== WORK REQUIRED ==
Exactly the lines from the one containing "Kortime designed by" through the one containing "Leuk detail: broekspijp" in the listing below are to be copied, with the pictures left out.

== DATA TO EXAMINE ==
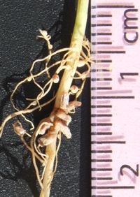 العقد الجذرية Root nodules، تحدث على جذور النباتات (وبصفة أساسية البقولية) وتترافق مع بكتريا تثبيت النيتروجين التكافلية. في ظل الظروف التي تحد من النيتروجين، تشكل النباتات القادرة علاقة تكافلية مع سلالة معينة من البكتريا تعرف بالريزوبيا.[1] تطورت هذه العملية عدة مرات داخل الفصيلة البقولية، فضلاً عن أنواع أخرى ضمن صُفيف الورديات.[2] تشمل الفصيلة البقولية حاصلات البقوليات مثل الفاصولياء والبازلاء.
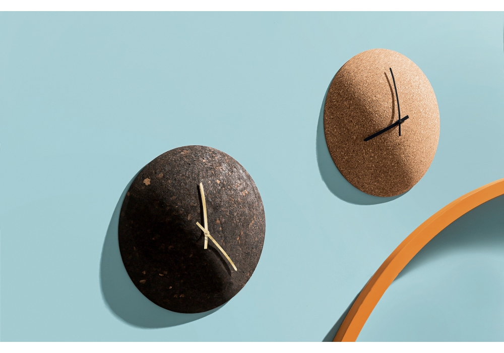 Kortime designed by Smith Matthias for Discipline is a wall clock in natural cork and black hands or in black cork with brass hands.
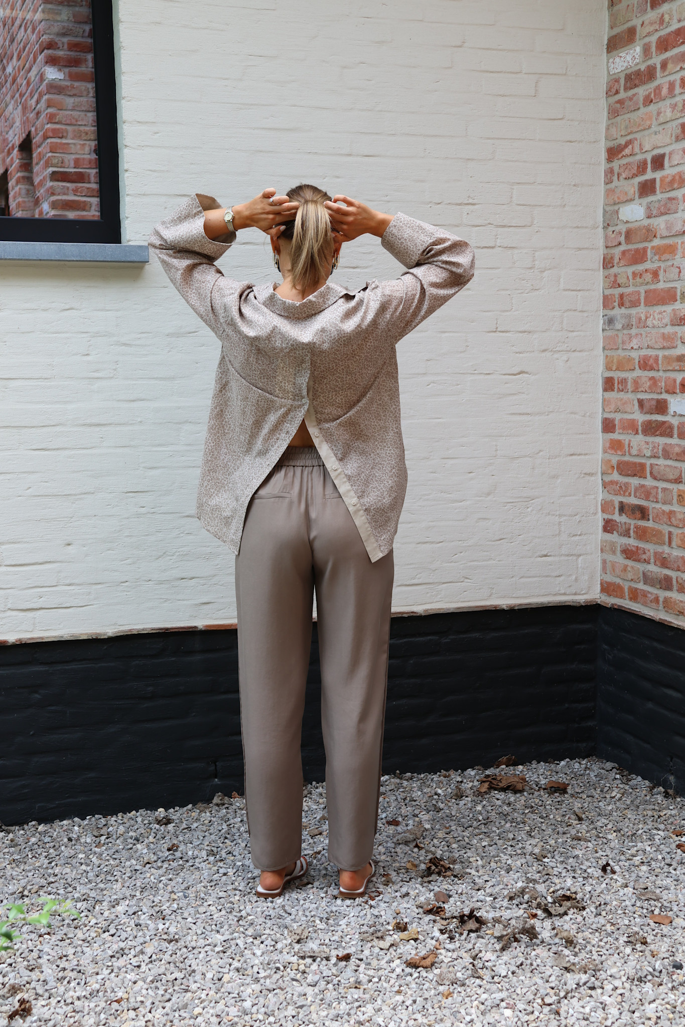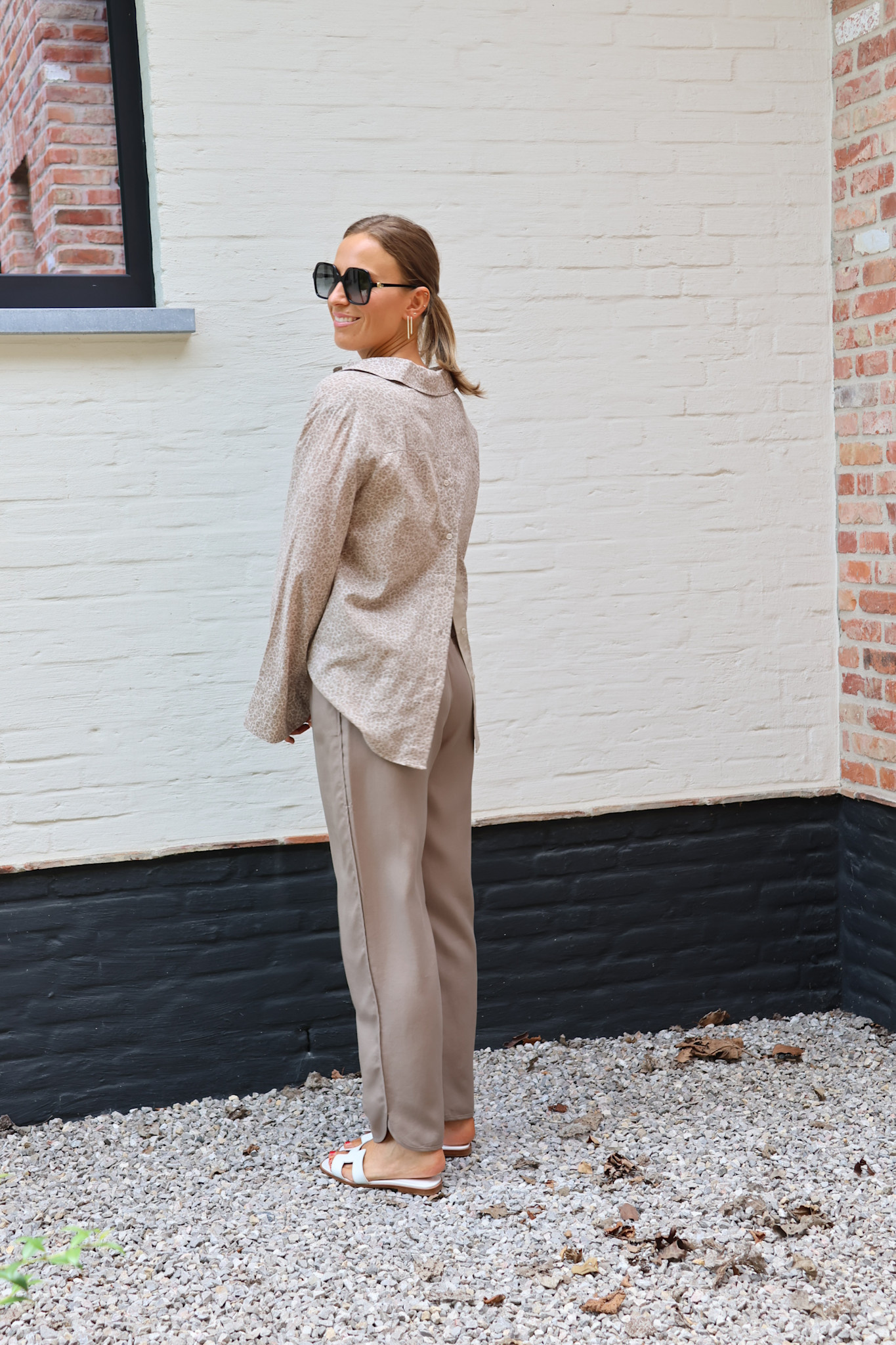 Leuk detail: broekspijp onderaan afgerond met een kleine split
--
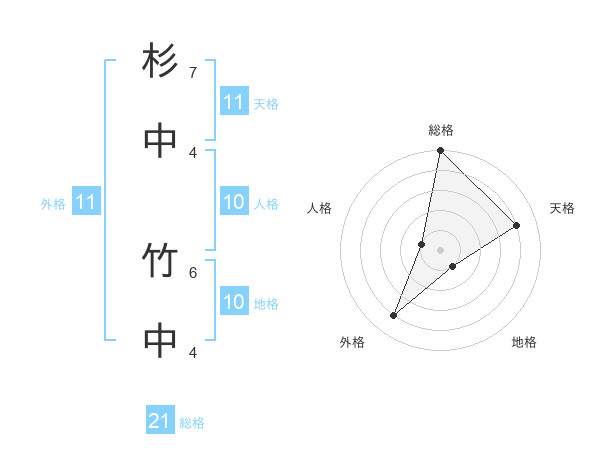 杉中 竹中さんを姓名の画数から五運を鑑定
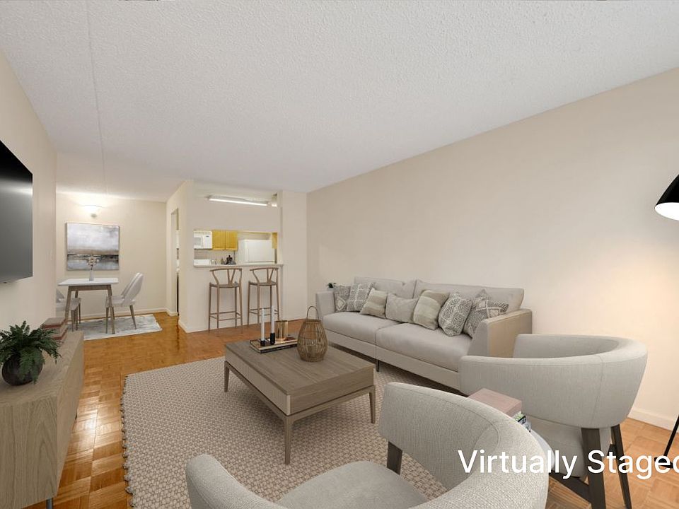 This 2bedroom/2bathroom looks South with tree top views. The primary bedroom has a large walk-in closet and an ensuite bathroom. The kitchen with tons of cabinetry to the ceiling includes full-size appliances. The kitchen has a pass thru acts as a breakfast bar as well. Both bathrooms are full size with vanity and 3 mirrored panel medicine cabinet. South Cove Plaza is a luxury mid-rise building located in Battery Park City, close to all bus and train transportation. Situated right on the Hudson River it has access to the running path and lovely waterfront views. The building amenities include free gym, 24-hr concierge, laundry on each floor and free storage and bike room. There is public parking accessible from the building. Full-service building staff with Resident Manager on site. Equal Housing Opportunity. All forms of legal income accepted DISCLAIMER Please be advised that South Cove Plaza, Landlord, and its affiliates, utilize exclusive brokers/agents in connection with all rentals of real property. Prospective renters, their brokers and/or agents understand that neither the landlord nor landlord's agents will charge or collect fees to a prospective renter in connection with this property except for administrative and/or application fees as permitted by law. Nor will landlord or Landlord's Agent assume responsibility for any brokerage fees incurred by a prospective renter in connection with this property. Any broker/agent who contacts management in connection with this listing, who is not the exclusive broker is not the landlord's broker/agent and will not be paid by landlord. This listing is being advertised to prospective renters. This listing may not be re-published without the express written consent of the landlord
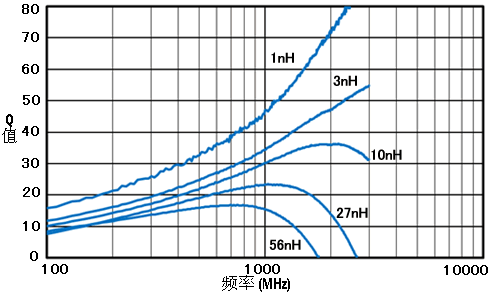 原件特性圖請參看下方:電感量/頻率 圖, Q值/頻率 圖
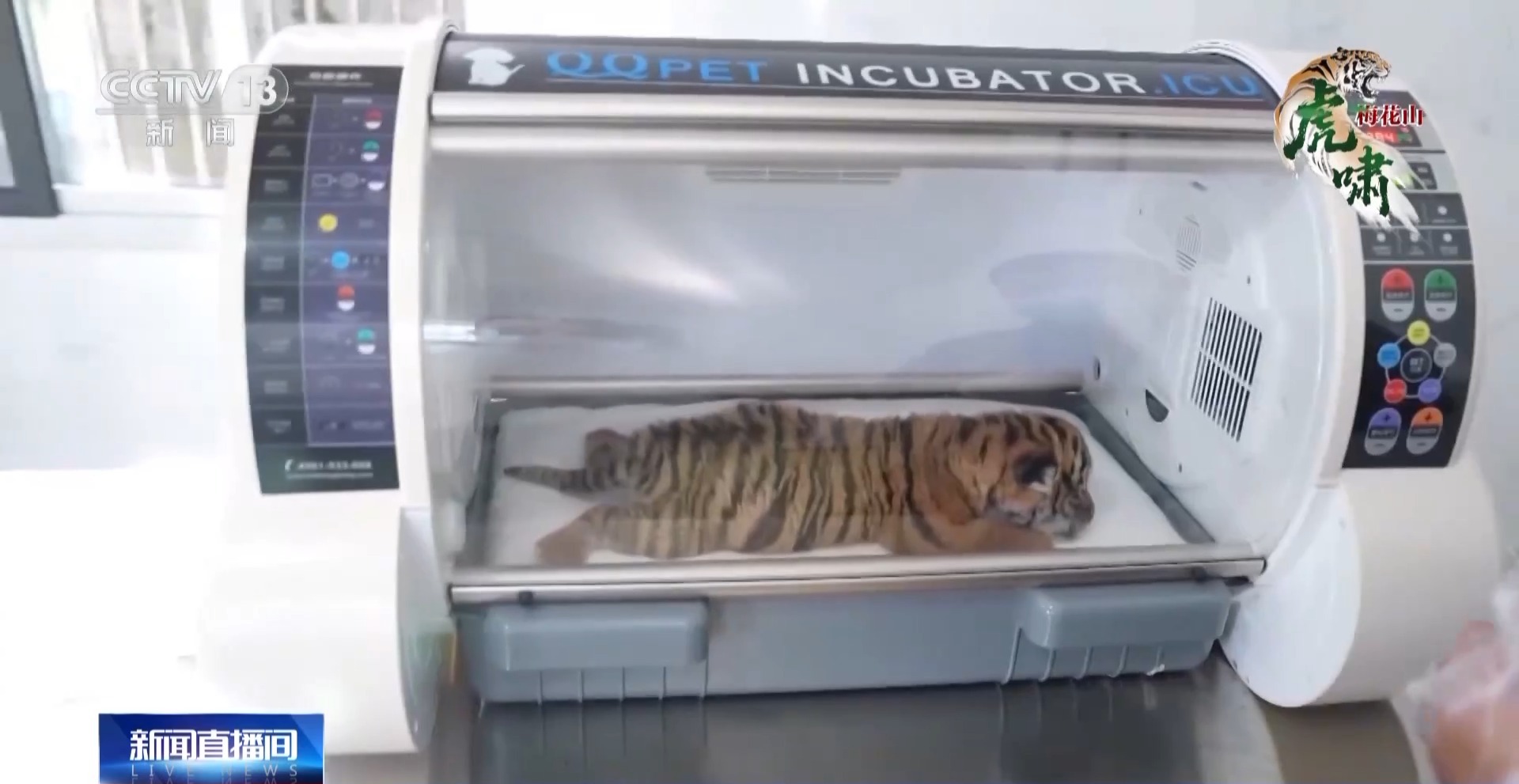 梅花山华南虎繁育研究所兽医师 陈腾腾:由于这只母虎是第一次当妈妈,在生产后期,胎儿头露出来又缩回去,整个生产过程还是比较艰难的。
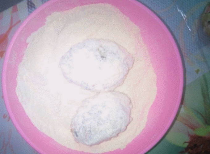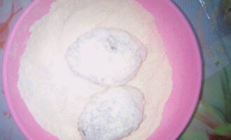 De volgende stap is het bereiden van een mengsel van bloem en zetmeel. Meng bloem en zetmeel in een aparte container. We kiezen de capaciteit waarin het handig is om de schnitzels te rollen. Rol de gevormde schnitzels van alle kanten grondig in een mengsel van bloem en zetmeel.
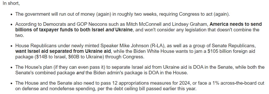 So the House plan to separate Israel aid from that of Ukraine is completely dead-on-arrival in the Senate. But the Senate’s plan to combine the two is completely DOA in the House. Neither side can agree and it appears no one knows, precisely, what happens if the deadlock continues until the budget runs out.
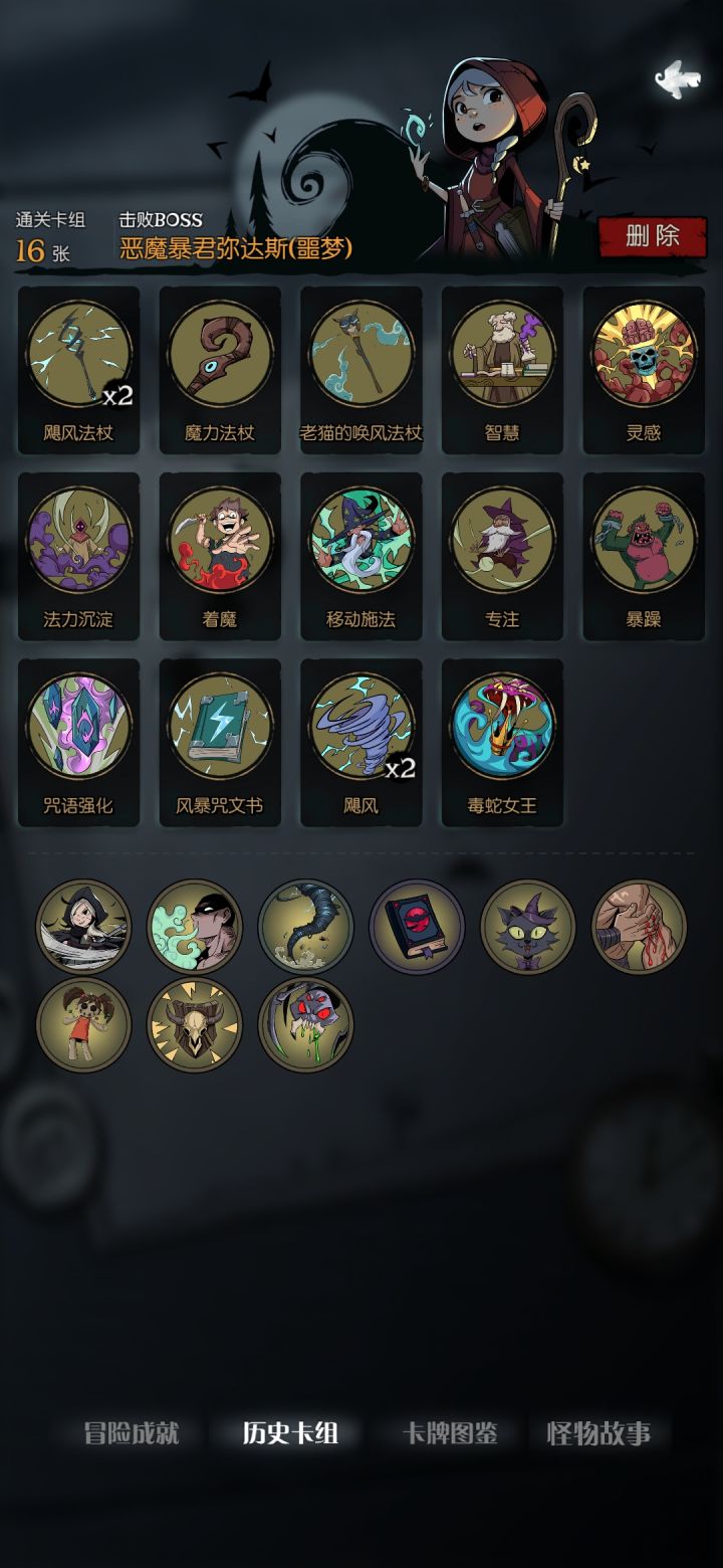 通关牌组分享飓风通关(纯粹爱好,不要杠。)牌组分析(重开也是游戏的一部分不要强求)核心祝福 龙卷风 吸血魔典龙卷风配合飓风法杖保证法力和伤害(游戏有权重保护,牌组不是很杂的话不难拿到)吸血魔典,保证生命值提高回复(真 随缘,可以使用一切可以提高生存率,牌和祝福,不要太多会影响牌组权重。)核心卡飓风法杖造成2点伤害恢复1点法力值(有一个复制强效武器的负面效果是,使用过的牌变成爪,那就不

== RESPONSE AREA ==
 Kortime designed by Smith Matthias for Discipline is a wall clock in natural cork and black hands or in black cork with brass hands.
 Leuk detail: broekspijp onderaan afgerond met een kleine split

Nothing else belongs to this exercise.